If you already have goals, focusing on your goals can enable you to enjoy solitude more. I always found, even in my most isolated moments, that when I recaptured the idea of what I really wanted out of life, I felt much better. Goals can’t replace having a social life, but they can allow you to push through a temporary patch of isolation.
This route can sometimes be difficult if you aren’t sure where to start, so if you aren’t sure what might interest you enough to work passionately on it, try starting with one of the other paths.
3. Find Meaning
You might not be able to control every part of your life, but you can control the meaning in your life. If you can create a purpose for your current isolation, that doubles your strength in moving through any obstacle. For me, I decided the meaning of my current isolation was to allow me more time to build personal skills while I worked on my social life from the outside.

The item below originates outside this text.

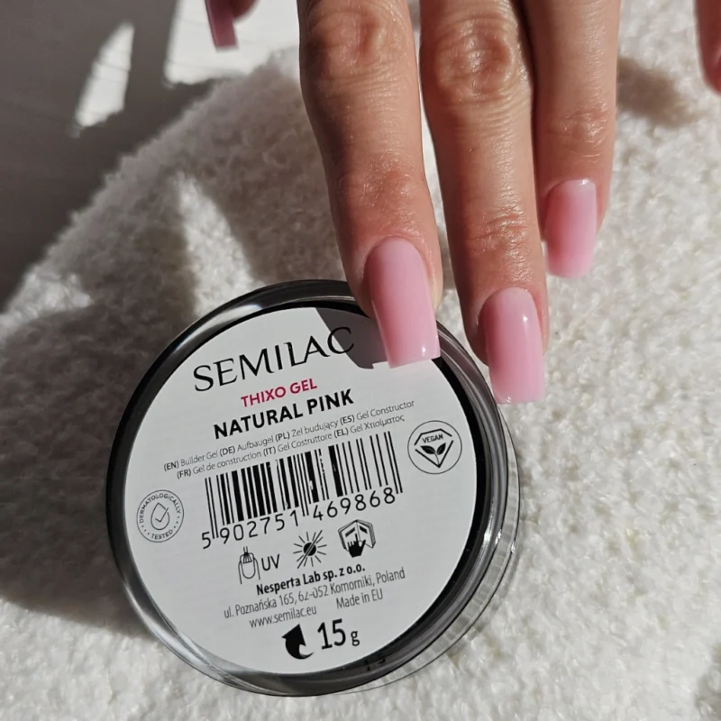 Semilac Żel Budujący Thixo Gel Natural Pink 15 g aplikujemy na właściwie przygotowaną płytkę paznokcia. Rekomendujemy użycie primera. Żel aplikujemy na wcześniej położony żel bazowy Semilac Extend Base. Utwardzamy w lampie UV LED. Jeżeli po aplikacji żelu budującego nie nakładamy kolorowego lakieru hybrydowego stylizację po opracowaniu produktu możemy też zakończyć na tym etapie aplikując na żel produkt wybłyszczający.
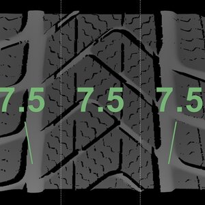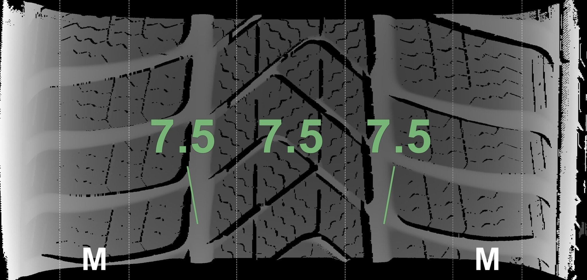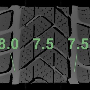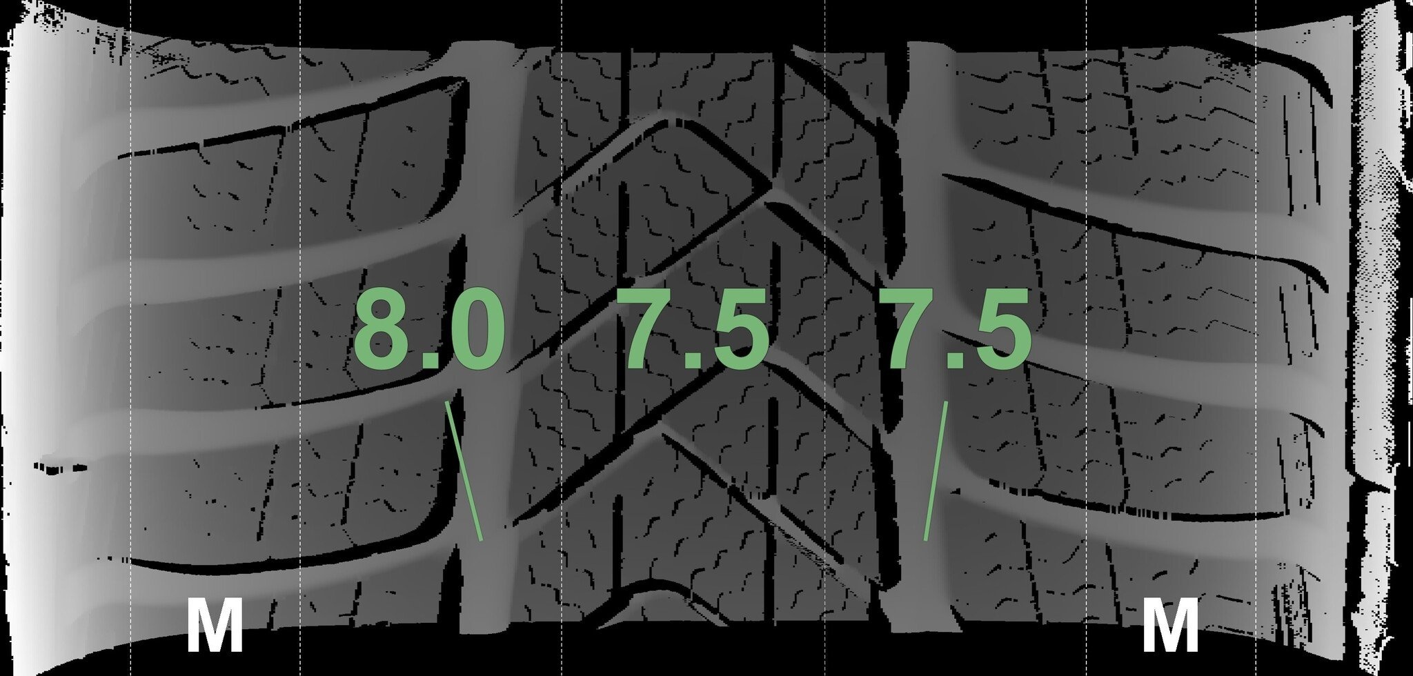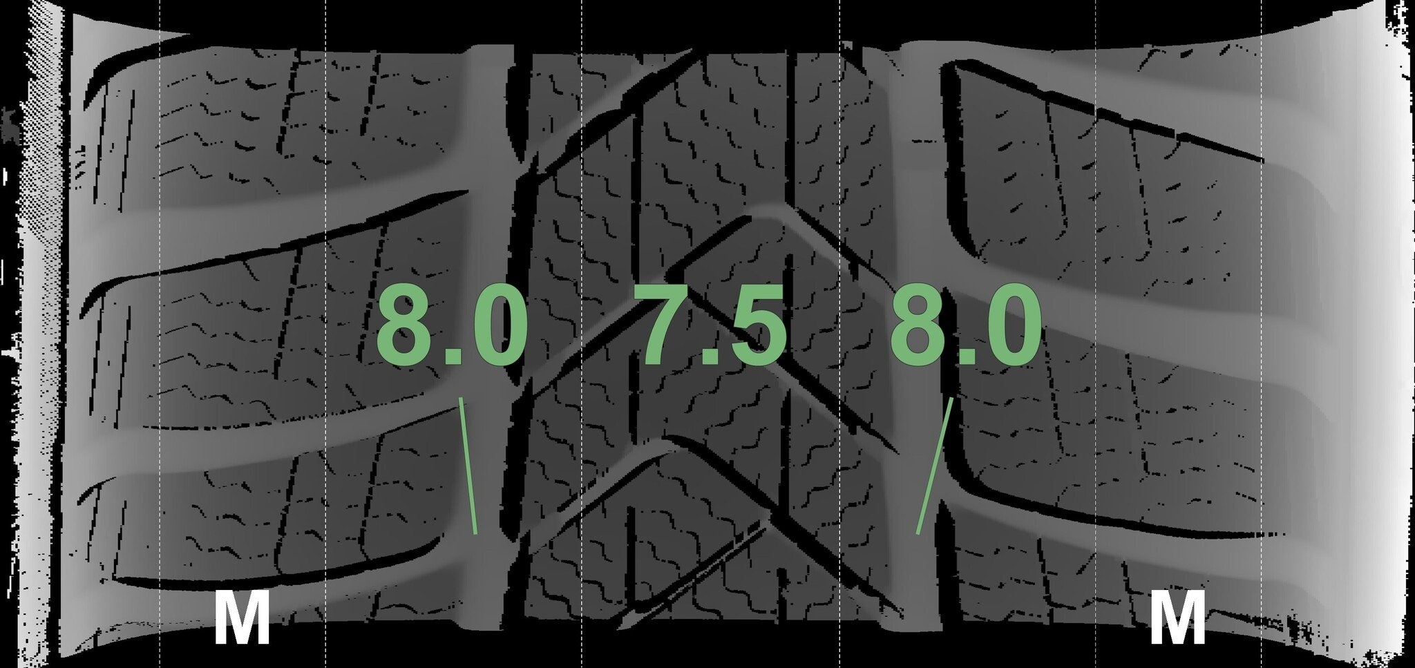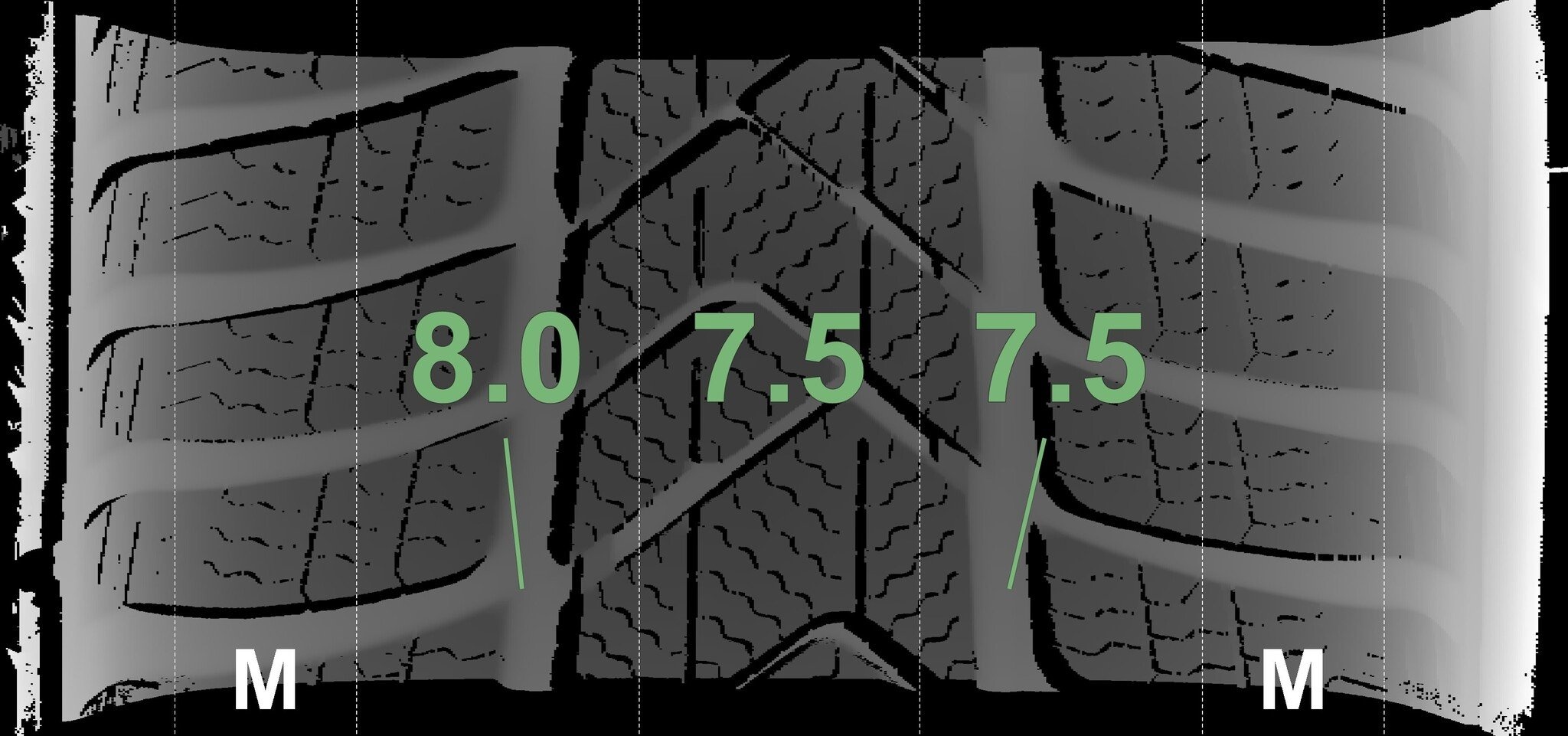 | Zustand | Profiltiefe | DOT | Vorderachse Links | Neu | 7.5 mm | 2922 |

Sometimes people will talk about the difference between good pain and bad pain at a gym. It’s actually a silly idea: how can any pain be good, all of it hurts? The difference is that there is a meaning for the good pain, a purpose it serves as a process in making you stronger. The bad pain, alternatively, just hurts for no purpose.
The same analogy applies to solitude: there is good solitude and bad solitude. The good solitude has a constructive purpose. It may still hurt occasionally, but if you know what it’s for and why it benefits you, the solitude can be enjoyable (just as some people love the pain they get from the gym). Your goal is to turn bad solitude into good solitude by defining the meaning it has for you.
If you think there is no possible reason for your being alone, think harder. You can probably come up with many opportunities it can allow, if you try. The solitude might help you focus on another important goal you have, give you a chance to increase your independence or even just give you a better appreciation of the relationships you do have.
Are You a God or Wild Beast?
My guess is neither, but you can still enjoy solitude if you set out the right intention. Solitude may take some time and practice to master, but it can allow you to achieve an incredible sense of inner peace and calmness.
Tina,
It is important to learn how to be alone. It goes with accepting yourself. Way too often, people try to change to feel like they fit in around them. The best way to be happy is to find people who love you for yourself.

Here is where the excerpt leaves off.